The significance of a negative TTV PCR

There are multiple ways for a SOTR to become infected with TTV. The patient comes into contact with multiple sources of TTV, through the donation of the organ and through blood products if they are given. Finding a SOTR with no detectable TTV in blood therefore should be an extremely rare event, considering the immunosuppression induced by the antirejection therapy. Some cross-sectional and longitudinal studies nevertheless show that considerable numbers of SOTR may have a negative PCR at various timepoints during the follow up period (39, 47). The interpretation of a single negative sample or a series of samples from a particular patient is difficult, as there are several possible explanations. It could be the case that most of these patients have suppression of TTV replication due to a highly functional immune system. But there are several reasons, other than immunological control, why TTV may be undetectable. Extreme lymphopenia, the most obvious cause for TTV-negativity, can easily be excluded. When a reasonable number of circulating lymphocytes is present in the blood, several other explanations remain for a not detecting TTV. Firstly: the test in use fails to detect the genotypes infecting this individual, this is a theoretical possibility. With five genogroups known, and 29 genotypes of TTV found, it is conceivable that assays are not able to detect all genotypes. The commercial assay from Biomerieux is able to detect eight genotypes (31). Secondly, a PCR test may be negative simply because a patient has failed to become infected with TTV. Studies such as done by Görzer et al. show that all 143 LTR included in the study develop positive TTV loads within weeks after transplantation (28). Yet, even the most prevalent viruses are unable to infect the entire population. If a study were conducted to investigate the use of TTV after SOT, these rare individuals, along with the ones that are negative because their genotypes are not detected, could easily be identified and excluded from this type of follow-up. Knowing that nearly all SOTR will become TTV positive after induction of antirejection treatment, after the initial lymphopenic phase, TTV could be used as a marker of immunosuppression used in the majority of SOTR.

The third reason for a negative TTV test not implying immunological control, is the possibility that the immune system could clear a TTV infection. If it is possible that an individual clears TTV, than a TTV load would also remain negative, even after increasing the immunosuppression. The viral load would no longer be suitable as a marker for immunosuppression. One case reports details the appearance and disappearance of a TTV genogroup 2 infection, which could be an example of an infection which was subsequently cleared (48). Since there is no way to distinguish these virus-clearing patients from elite controllers, this would represent a conceivable risk.

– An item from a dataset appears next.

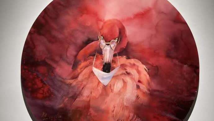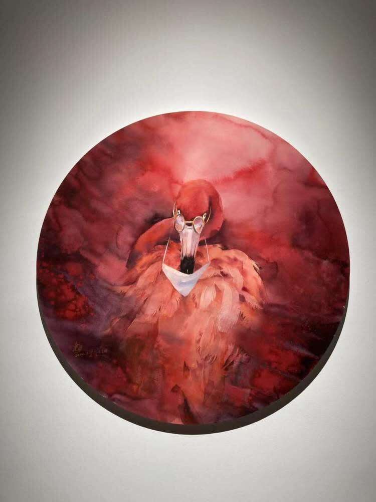 他画火烈鸟,浴火重生的火烈鸟在他的画笔下,戴上了突兀的眼镜和口罩。“眼镜代表着人类对防疫的知识渴望,口罩是这个时间段的标志。”

Significance of a high TTV load

Just as being TTV DNA -negative may not always mean someone is an elite TTV controller, there are reasons why a high TTV load may not always reflect a bad immune response. The main uncertainty is that it is not at all clear how new infections with different genotypes are dealt with by the immune system. A longitudinal study in children showed that the acquisition of new genotypes resulted in recurrent high viral loads (18). Moreover, Maggi et al. showed that individuals carrying more TTV genogroups had higher viral loads in general (20). These studies also suggest that it is a relatively common occurrence to become infected with new genotypes. The study in children shows that five out of five children acquired new genotypes during the study period. Maggi et al. showed that three out of three stem cell transplantation recipients were infected with new genogroups after SCT (21).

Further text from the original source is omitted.